Records drawn from a dataset
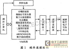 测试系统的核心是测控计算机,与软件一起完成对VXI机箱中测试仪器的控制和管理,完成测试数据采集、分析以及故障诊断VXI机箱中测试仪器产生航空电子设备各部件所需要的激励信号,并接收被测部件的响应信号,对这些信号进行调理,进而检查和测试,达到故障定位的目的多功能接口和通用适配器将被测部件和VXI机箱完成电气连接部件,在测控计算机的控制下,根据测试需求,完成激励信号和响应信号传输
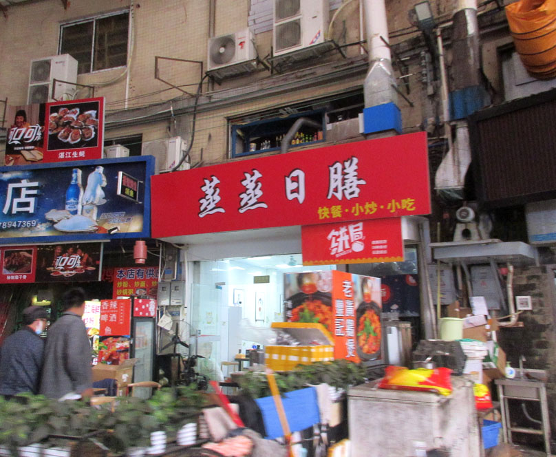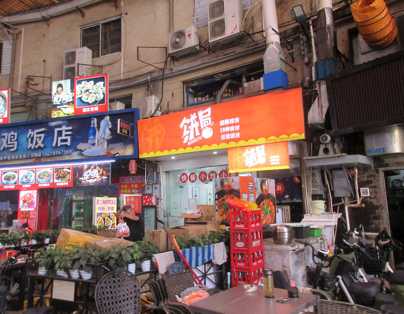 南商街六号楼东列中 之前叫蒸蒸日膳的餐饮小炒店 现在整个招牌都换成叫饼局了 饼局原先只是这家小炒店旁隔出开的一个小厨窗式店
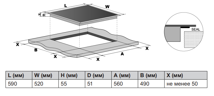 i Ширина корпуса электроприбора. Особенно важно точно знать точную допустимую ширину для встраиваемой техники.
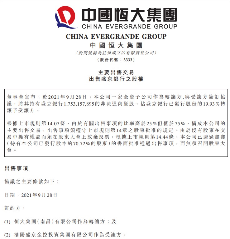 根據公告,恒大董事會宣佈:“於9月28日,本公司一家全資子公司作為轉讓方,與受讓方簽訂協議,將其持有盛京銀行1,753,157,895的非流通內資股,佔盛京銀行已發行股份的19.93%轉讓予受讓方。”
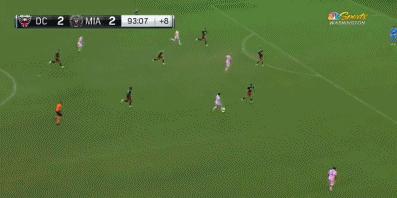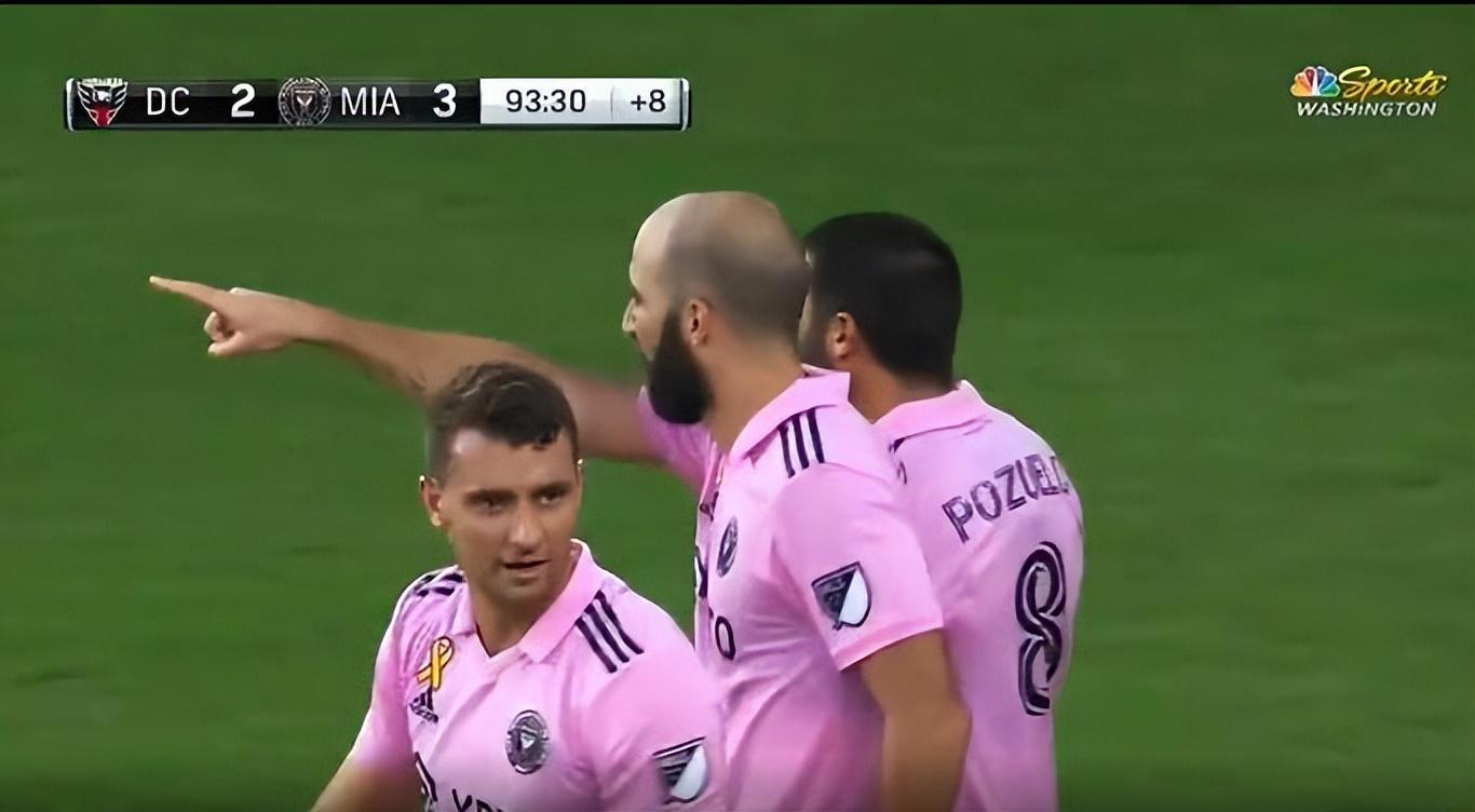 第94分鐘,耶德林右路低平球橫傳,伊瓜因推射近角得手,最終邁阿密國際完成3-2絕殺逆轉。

Your objective: Reproduce the records word for word, please, from their first line up to and including the line that contains "南商街六号楼东列中 之前叫蒸蒸日膳的餐饮小炒店 现在整个招牌都换成叫饼局了", but no pictures.

Exercise solution:
 测试系统的核心是测控计算机,与软件一起完成对VXI机箱中测试仪器的控制和管理,完成测试数据采集、分析以及故障诊断VXI机箱中测试仪器产生航空电子设备各部件所需要的激励信号,并接收被测部件的响应信号,对这些信号进行调理,进而检查和测试,达到故障定位的目的多功能接口和通用适配器将被测部件和VXI机箱完成电气连接部件,在测控计算机的控制下,根据测试需求,完成激励信号和响应信号传输
 南商街六号楼东列中 之前叫蒸蒸日膳的餐饮小炒店 现在整个招牌都换成叫饼局了 饼局原先只是这家小炒店旁隔出开的一个小厨窗式店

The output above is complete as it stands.